Бегун встал и обнаружил, что одет в исподнюю холщовую сорочку до колен, с одним только крестом под ней. Тело казалось невесомым, будто полым изнутри, будто осталась от него одна оболочка. Он вдруг увидел, что стол празднично накрыт, и стал жадно есть, не разбирая вкуса, загребая еду руками, обливаясь соком и чавкая.
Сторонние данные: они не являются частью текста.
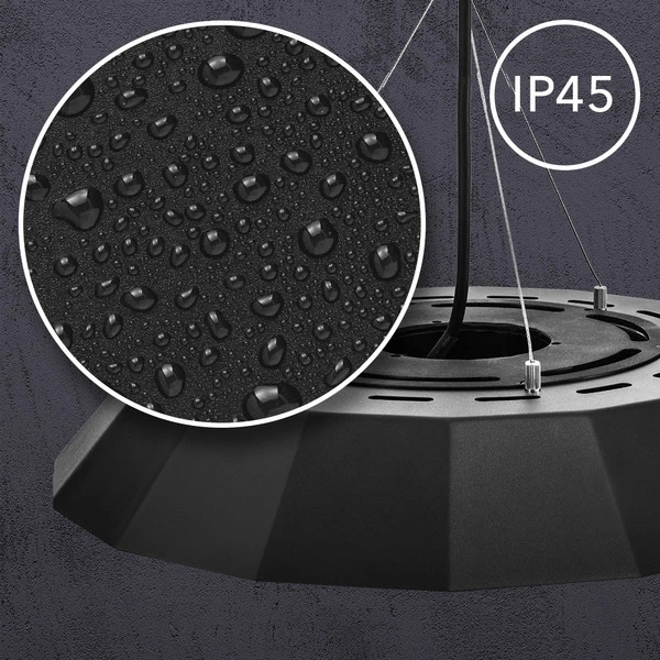 iR21 - zaščitni razred IP45. Prašno barvano aluminijasto ohišje iR21 je testirano za zaščitni razred IP45 in je 100-odstotno odporno na dež. Naj bo dež, sneg ali celo toča – slabe vremenske razmere ne deformirajo stropnega grelnika iR21.
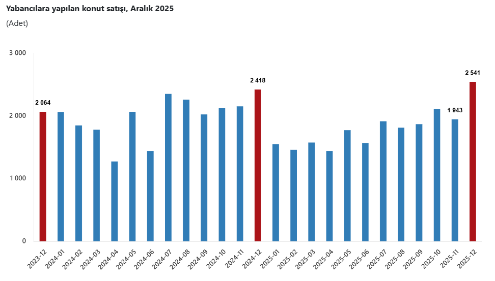 Yabancılara Aralık ayında 2 bin 541 konut satışı gerçekleşti
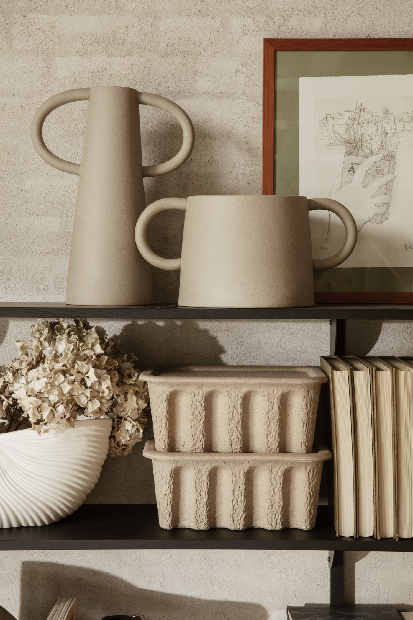 Past and present fuse together in the Anse Pot. Made from a special, rustic clay, the pot’s raw sand colour and rough texture is pleasantly contrasted by its clean, cylindrical shape. A set of hand-formed handles recalling traditional pottery completes the unified expression.
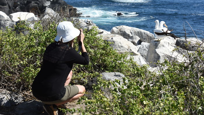 Den yngsta ön i gruppen hyser en stor koncentration av de gåtfulla havsleguanerna där de vilar ovanpå varandra. Den vulkaniska terrängen tilltalar både havs- och landleguanen. En gång i tiden har även pingvinen letat sig upp till övärlden och längs samma kust finns idag galápagospingvinen. Ett annat djur som anpassat sin tillvaro här är galápagosskarven vars vingar, genom evolution, har fått en större nytta som fenor än till flygning. 1,5 timmars promenad. Åter på Isabel lägger vi till vid Punta Vicente Roca och med våra små båtar studera havsfåglar som Nazcasulan. Här går vi inte iland. Snorklingen anses vara utmärkt.
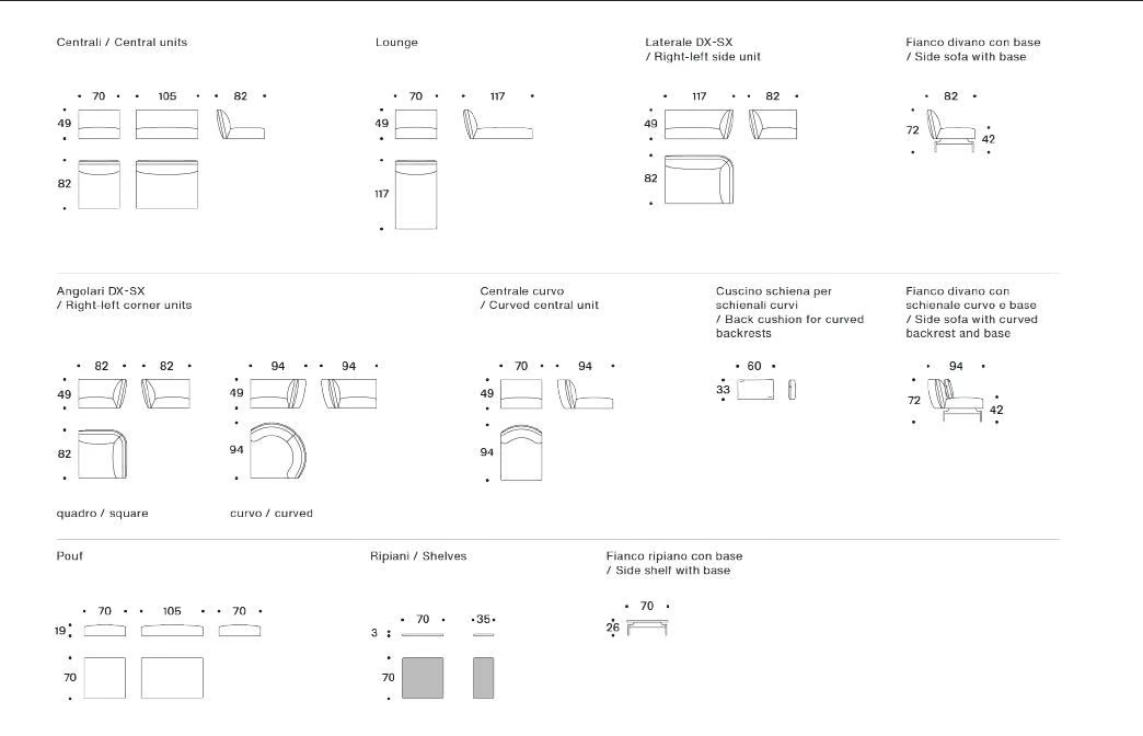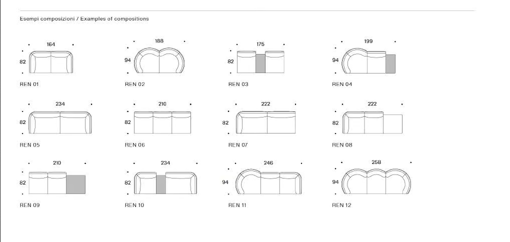 Das RENDEZ-VOUS Sectional Sofa ist in verschiedenen Größen erhältlich, die es ermöglichen, bequem in unterschiedlichen Räumen Platz zu finden. Während die spezifischen Abmessungen variieren können, gewährleistet das modulare Design, dass jedes Stück sorgfältig für maximale Nutzbarkeit dimensioniert ist. Diese Flexibilität ermöglicht es den Benutzern, ihre ideale Sitzanordnung zu schaffen, die sowohl große Zusammenkünfte als auch intime Umgebungen berücksichtigt.
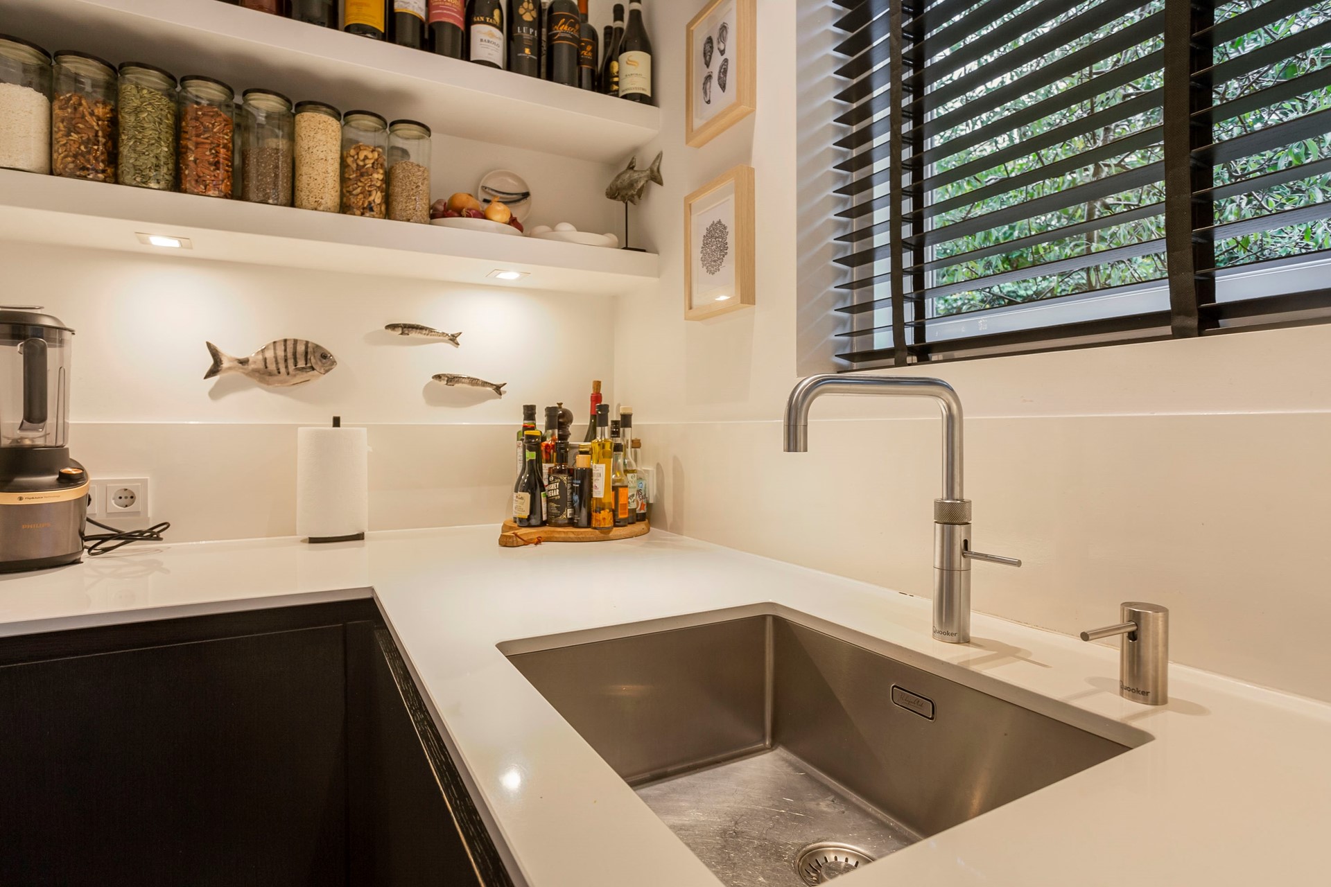 Overdekte entree, vestibule, hal, garderobe, toilet. Via de dubbele deur die toegang geeft tot de zeer sfeervolle woonkamer met een heerlijke zithoek en een prachtige visgraad vloer, een gashaard en een studeer-/werkhoek. De eetkamer is gelegen aan de achterzijde van de woonkamer, via de openslaande deuren komt u op het terras. De open moderne keuken, een kookeiland met een 5-pits gaskookplaat, diverse inbouw apparatuur en een quooker maken deze keuken tot een heerlijke plek om te koken.
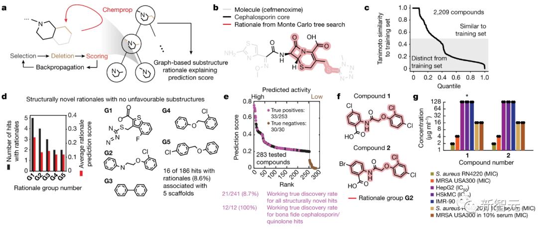 由于抗生素类别通常是在共享子结构的基础上定义的,因此,子结构识别可以更好地解释模型预测,有效地探索化学空间,并促进发现新的结构类别。

Насытившись и отяжелев, вышел в сени, ступил босыми ногами в меховые сапоги, накинул тяжелый медвежий тулуп и открыл дверь.
Он задохнулся свежим морозным воздухом и встал на пороге, зажмурившись, пережидая, пока пройдет головокружение.
— Ни хрена себе, думаю… — Левка выполз следом, зябко обняв себя за плечи, изумленно оглядываясь. — Это мы в каком веке?
Под сплошным навесом сосновых лап стояли вросшие в землю избы — Бегун насчитал с десяток, — крытые, как шифером, кусками бересты, низкие, но ладные, с резными наличниками и коньками, крылечками наоборот — со двора вниз в избу. Посредине была бревенчатая церковь с надвратной иконой под стрехой, тоже маленькая — до маковки допрыгнуть можно. Тут и там висели на ветвях прутяные венки, переплетенные красной лентой. Избы были пусты; вдали за деревьями горел костер, на фоне огня мелькали, кружились маленькие человеческие фигурки.